It's been a month since Google Reader shut down, breaking users' hearts and bringing an end to a nearly eight-year run of RSS dominance. As soon as word came of Reader's impending doom, third parties like Digg, Feedly, and others sprung into action, eager to replace the old guard. At the time, they looked like a rescue team, gallantly swooping in to save us from regular old web browsing. But after a month, the squad of reader replacements has turned into a set of regular products trying to keep up with user demands. So how well have these replacements done in Google Reader’s absence?
It turns out it's hard to make an RSS reader. Feedly switched over to its own servers with just a few weeks to spare and Digg launched mere days before Reader's lights-out. Newsblur had been running since 2009, but faced a flood of traffic after Google announced the reader shutdown, and founder Samuel Clay describes pulling 14-hour days for months just to keep the site loading in under 100 milliseconds.
fourteen-hour days for months just to keep the site loading
The replacement that fared worst was the Old Reader, the scrappy upstart of the bunch. The staff was worn ragged by the task of getting online. They announced the service was closing down this Monday only to possibly reopen later in the week; they described their lives as "hell in every possible aspect we could imagine." Competing with three or four midsize rivals isn't that much easier than competing with one behemoth.

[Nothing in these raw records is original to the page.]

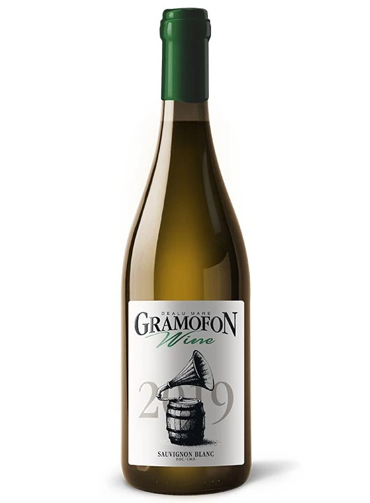 Gramofon Sauvignon Blanc este un vin alb sec, certificat DOC-CMD Dealu Mare, obținut din struguri de tip Sauvignon Blanc culeși din recolta 2019.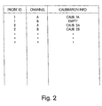 - calibration memory 46 An example of a suitable organization for calibration memory 46 is shown in FIG. 2. Calibration information is classified and addressed according to probe ID and channel. Thus, for example, when probe 2 is connected to channel B, calibration information 2B is accessed in calibration memory 46 and is supplied to parameter processor 40 for calibration of measurements by probe 2 on channel B. If probe 2 is connected to channel A, calibration information 2A is accessed in calibration memory 46. It may be observed that calibration memory 46 does not include calibration information for probe 1 connected to channel B, because probe 1 has not been calibrated on channel B.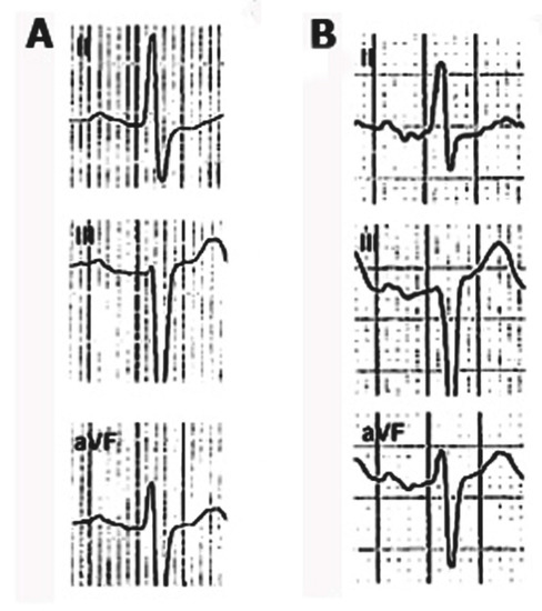(A) P-wave in a case of A-IAB atypical type 3 by morphology. Note that the P-wave is negative in III and aVF, but with a first part isodiphasic as may be seen with vertical lines. It may be confused with junctional rhythm, but in this case (see B) all the P-wave is negative and, furthermore, the P-wave is also negative in V4–V6. (Taken from reference 37).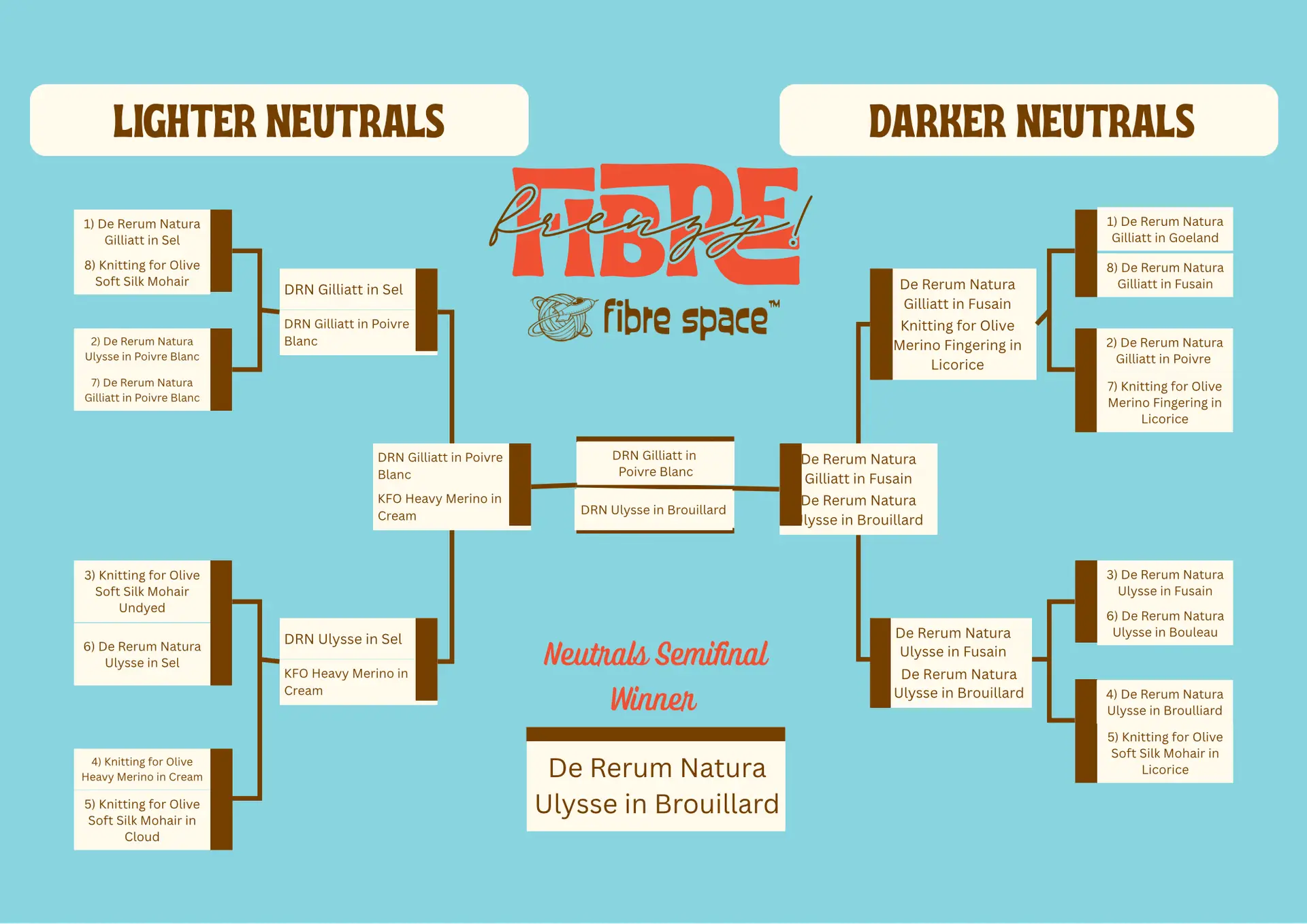 Fibre friends, we’ve got this narrowed to the Darker Neutrals final. De Rerum Natura Gillatt in Fusain won its match against a much lighter gray in De Rerum Natura Goeland with a solid lead. And, De Rerum Ulysse in Brouillard beat Knitting for Olive Merino in Fingering in Licorice decisively. A deep charcoal gray worsted weight against a lighter gray sportweight? Get your votes in and let’s see which gray is victorious!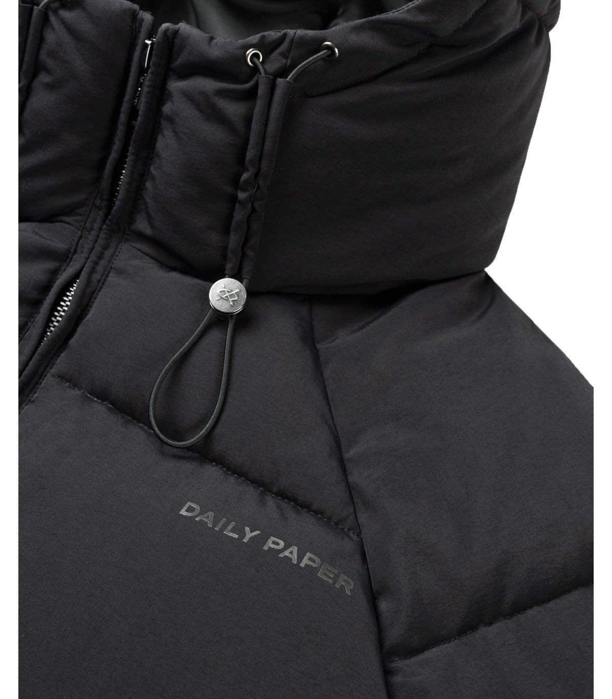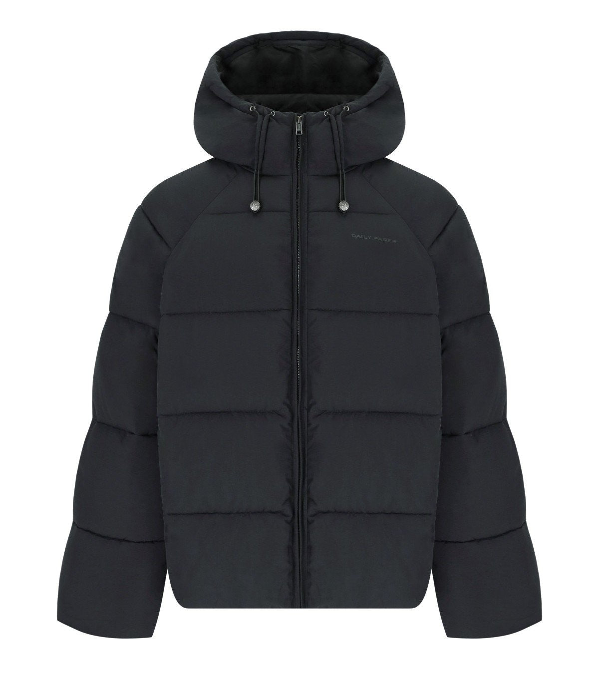 Relaxed puffer jacket by Daily Paper made of nylon in black color. Characterized by a zip closure, it features a front logo print. Equipped with a hood, it has long sleeves. Regular fit. Outer composition: 100% nylon. Inner lining: 100% polyester.

The services that managed to stay up and running still face an uphill battle mimicking Google's features without its servers and data to lean on. Right now, none of the major offerings have a workable search function and the ones that are rolling it out, like Feedly and Digg, are saving it for premium (i.e. paying) members. It was an easy trick for Google, which could borrow one of the most sophisticated search engines on earth, but for smaller players, it's an expensive feature to add. Even simple tricks like OPML export are still recent additions, while mobile apps and device syncing are farther out on the horizon. Having rushed to get the readers online before Google's deadline, companies left a lot of features only partially finished.
Of course, there are rewards for the ones that make it through. Some Reader partisans may have given up on RSS after the shutdown, but the majority seem to have migrated to other platforms. In the weeks following the announcement, Feedly saw 3 million Google Reader refugees sign up and Newsblur says it now has 25 times the paid subscriptions it did in March.
25 times the paid subscriptions it did in March.
For Google, Reader was essentially an afterthought, a way to drive traffic to Google+ and not even worth keeping alive. For Newsblur, RSS is everything, the company's single purpose and sole product — and it's necessarily a paid one. "All of my biggest competitors either have pay accounts or are planning them," Clay told The Verge. "The market growth just isn't there, so charging users is the only way to stay alive."
For Digg, RSS is even more than that. Its reader fits into both Digg.com and Betaworks’ larger strategy for building itself into the content business. General manager Jake Levine describes Digg Reader as a "critical piece of the future for our company." Crawling the internet is hard, but it gives you valuable insight into what people are actually reading. Levine envisions the reader as "the foundation for a suite of personalized news products that adapt to a wide variety of readers." If you're trying to surface interesting content, a dedicated content crawler lets you know what users are reading and what they’re clicking on, which can be extremely valuable data.
Seen that way, the flock of post-Google RSS readers seem less like replacements than evolutions. Reader was great, but Google let it stagnate. It was only ever going to be a side project, something to keep engineers busy while the company expanded its stranglehold on search and tried to force its way into social. Cut loose from the corporate demands of Google, RSS can be more than that. It’s already been a crucial open web standard, and now it can be a paid professional tool along the lines of Photoshop, or an AOL-style portal for experiencing the internet at large. It can be something we haven't even thought of yet. The companies involved are still catching up to Google's feature set, but there's no reason to think they'll stop there. It may be time to stop being sad for the reader that was, and get excited for the reader that's coming.